** Records for this task follows **

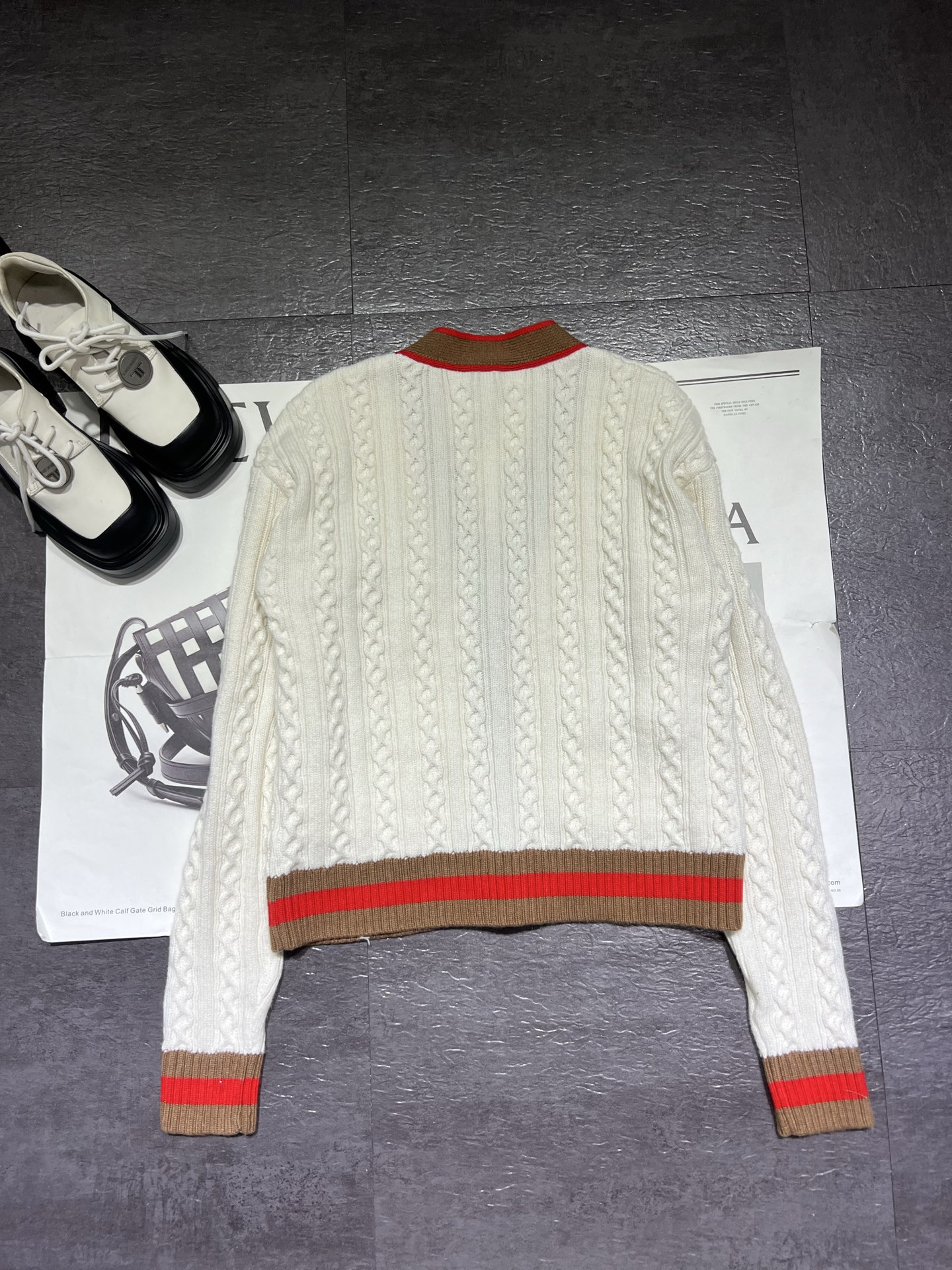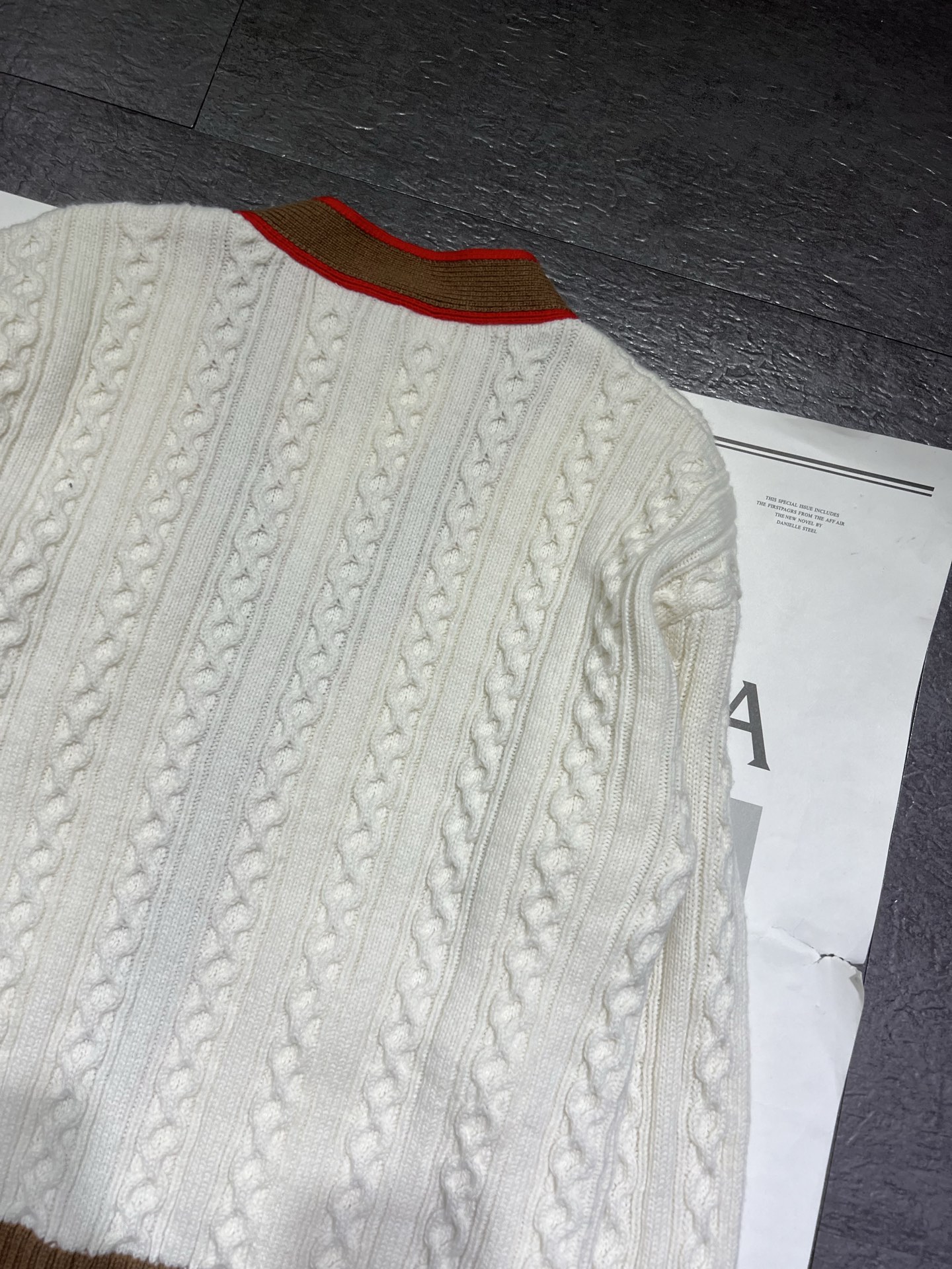・特注ボタンデザイン:ブランドロゴをあしらった「オーダーメイド金属製ボタン」(ゴールドトーンコーティング)が、カーディガンの正面を飾る。ボタンの重量感と光沢が「上品なアクセント」となり、プラスチックボタンとは一線を画す高級感
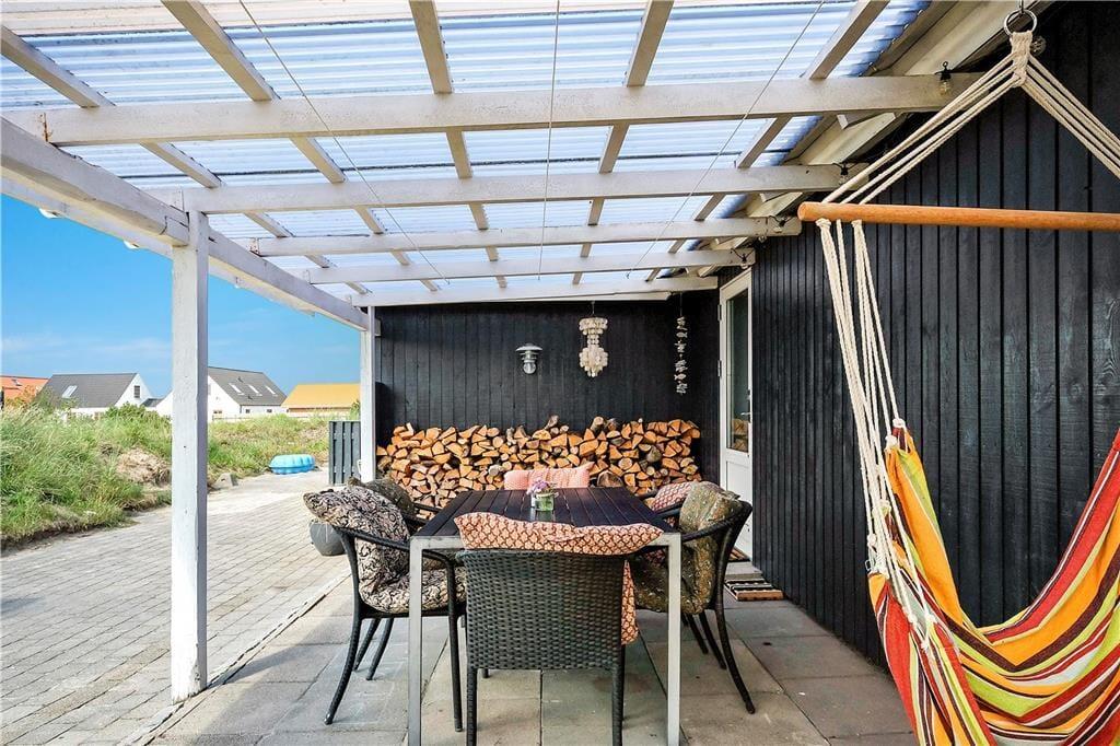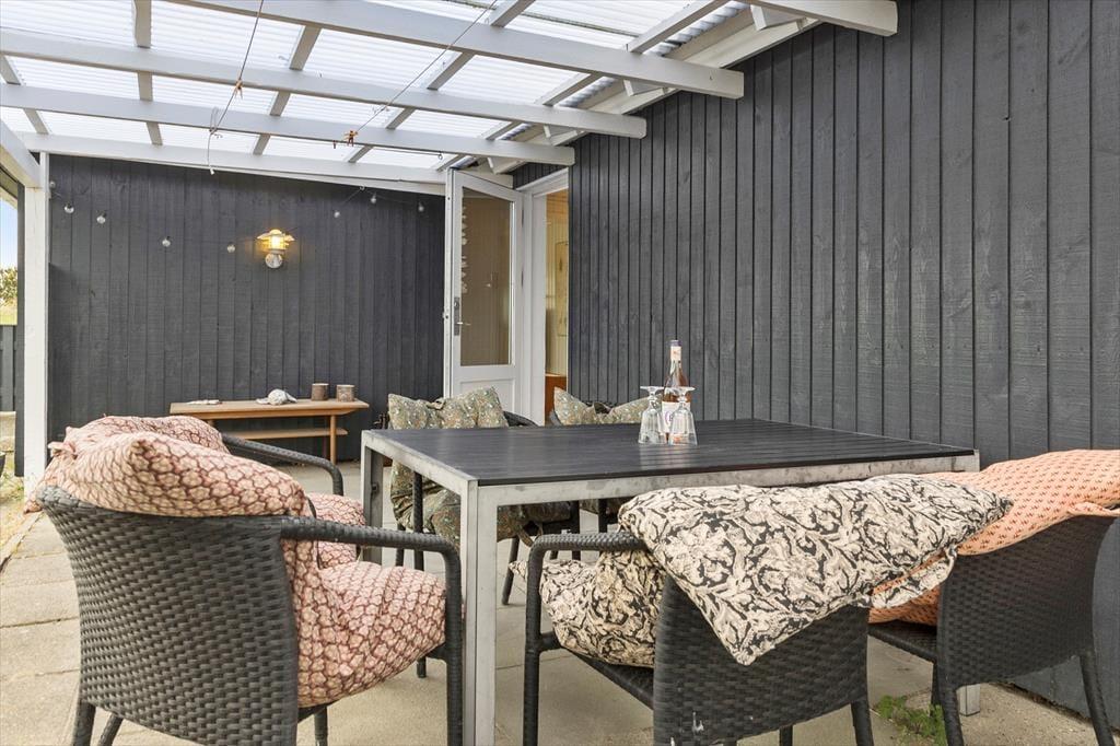 Når vejret viser sig fra sin bedste side, kan du træde ud på den hyggelige terrasse og lade solen varme dit ansigt. Terrassen giver god plads til både morgenkaffe i de tidlige timer og lange grillaftener under den åbne himmel. På den fredelige grund kan børnene lege frit, mens du nyder en stund med afslapning i liggestolen. Vorupørs unikke natur ligger lige uden for døren, så en dagstur til stranden eller en frisk gåtur i klitterne er oplagte muligheder. Her er det nemt at lade sig opsluge af Vesterhavets skønhed og den rolige feriestemning.
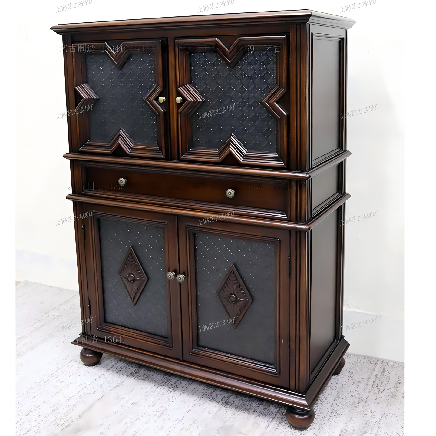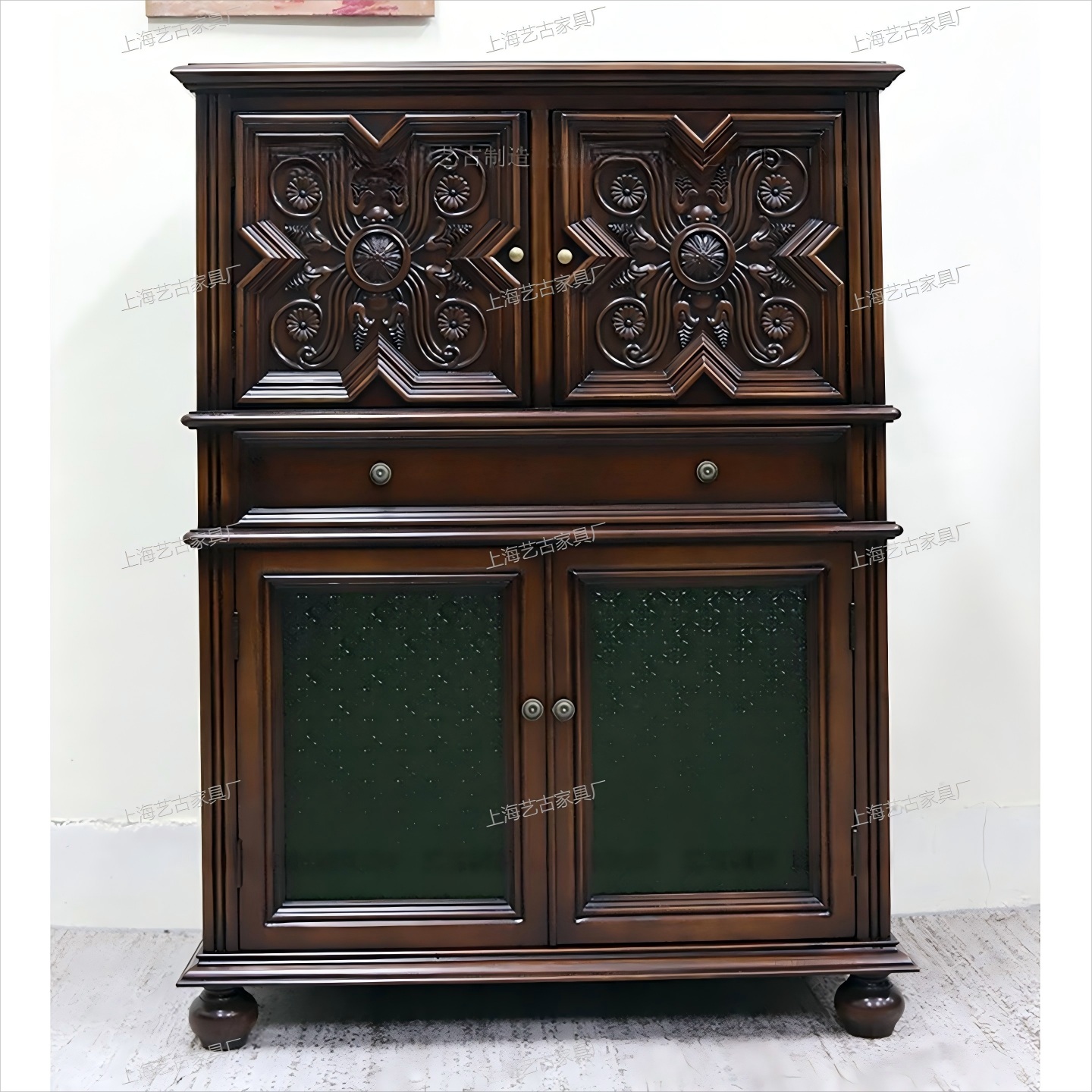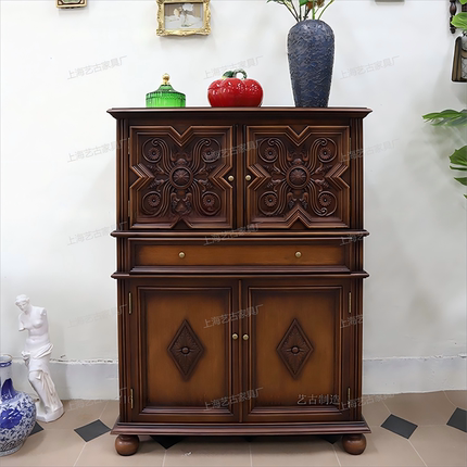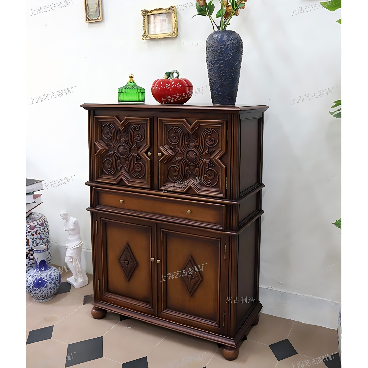 法式复古实木榫卯家用餐边柜储物柜茶水柜边柜酒柜欧式靠墙雕花柜
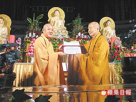 佛光山創(chuàng)辦人星云法師(右)致贈(zèng)感謝狀給寒山寺住持秋爽法師。
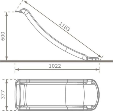 Šis 118 cm garais slidkalniņš ir īpaši pielāgots bērnu spēļu namiņiem “Sienāzītis”, “Asniņš”, "Kārīte".
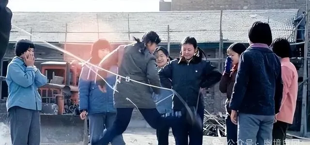 图里一根皮筋撑在两腿之间,几个人围成圈,这就是跳皮筋,小时候谁家巷子里不得有一群小姑娘朝天蒙蒙亮就开始比谁蹦得利索,嘴里还要念小调“马兰开花二十一”,天黑了都不乐意回家,裤腿蹭出俩大泥点,回头还得挨一句训,到了现在路边早就看不到这场面了,听见皮筋声脑子里全是娃娃哪家的笑。
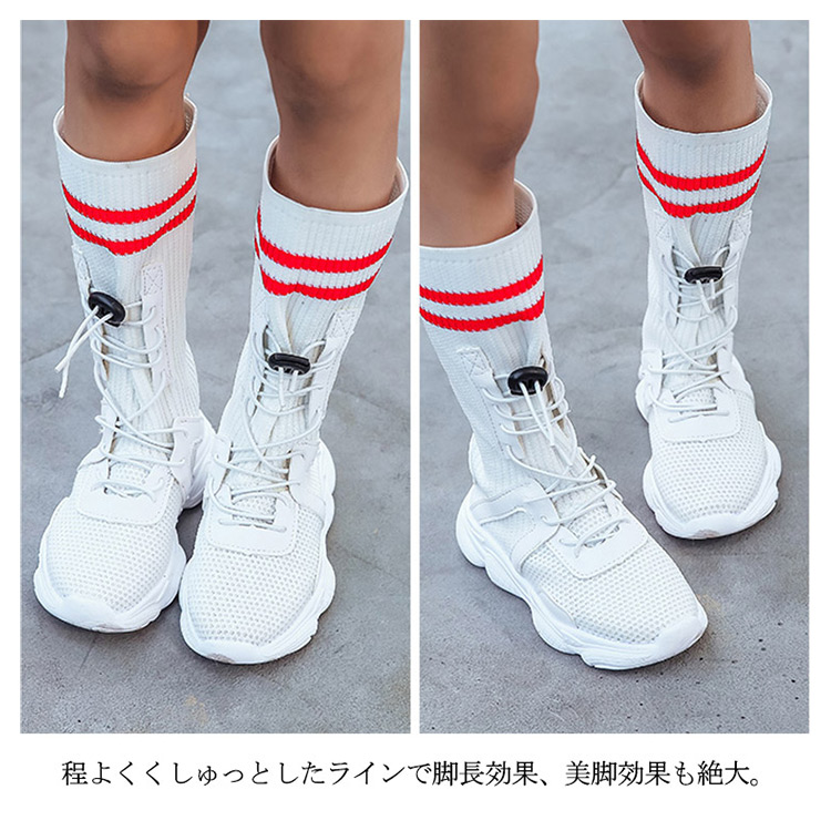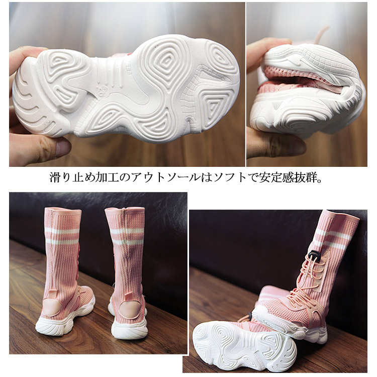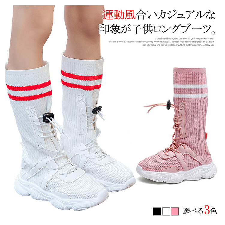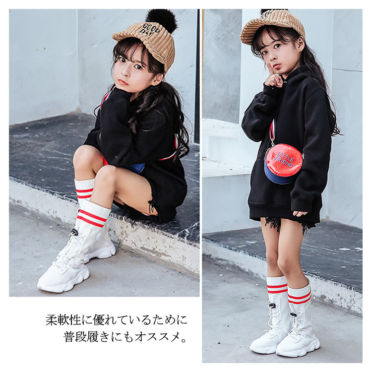 | 運動風合いカジュアルな印象が子供ロングブーツ。柔軟性に優れているために普段履きにもオススメ。ショートパンツはもちろん、スキニーなどで合わせやすい。程よくくしゅっとしたラインで脚長効果、美脚効果も絶大。 | |

** End of Records for this task **

Task to carry out — Starting at the line that contains "Når vejret viser" and ending at the final line of the data, reproduce each line exactly. Pictures stay out of the copy.

Exercise result —
 Når vejret viser sig fra sin bedste side, kan du træde ud på den hyggelige terrasse og lade solen varme dit ansigt. Terrassen giver god plads til både morgenkaffe i de tidlige timer og lange grillaftener under den åbne himmel. På den fredelige grund kan børnene lege frit, mens du nyder en stund med afslapning i liggestolen. Vorupørs unikke natur ligger lige uden for døren, så en dagstur til stranden eller en frisk gåtur i klitterne er oplagte muligheder. Her er det nemt at lade sig opsluge af Vesterhavets skønhed og den rolige feriestemning.
 法式复古实木榫卯家用餐边柜储物柜茶水柜边柜酒柜欧式靠墙雕花柜
 佛光山創(chuàng)辦人星云法師(右)致贈(zèng)感謝狀給寒山寺住持秋爽法師。
 Šis 118 cm garais slidkalniņš ir īpaši pielāgots bērnu spēļu namiņiem “Sienāzītis”, “Asniņš”, "Kārīte".
 图里一根皮筋撑在两腿之间,几个人围成圈,这就是跳皮筋,小时候谁家巷子里不得有一群小姑娘朝天蒙蒙亮就开始比谁蹦得利索,嘴里还要念小调“马兰开花二十一”,天黑了都不乐意回家,裤腿蹭出俩大泥点,回头还得挨一句训,到了现在路边早就看不到这场面了,听见皮筋声脑子里全是娃娃哪家的笑。
 | 運動風合いカジュアルな印象が子供ロングブーツ。柔軟性に優れているために普段履きにもオススメ。ショートパンツはもちろん、スキニーなどで合わせやすい。程よくくしゅっとしたラインで脚長効果、美脚効果も絶大。 | |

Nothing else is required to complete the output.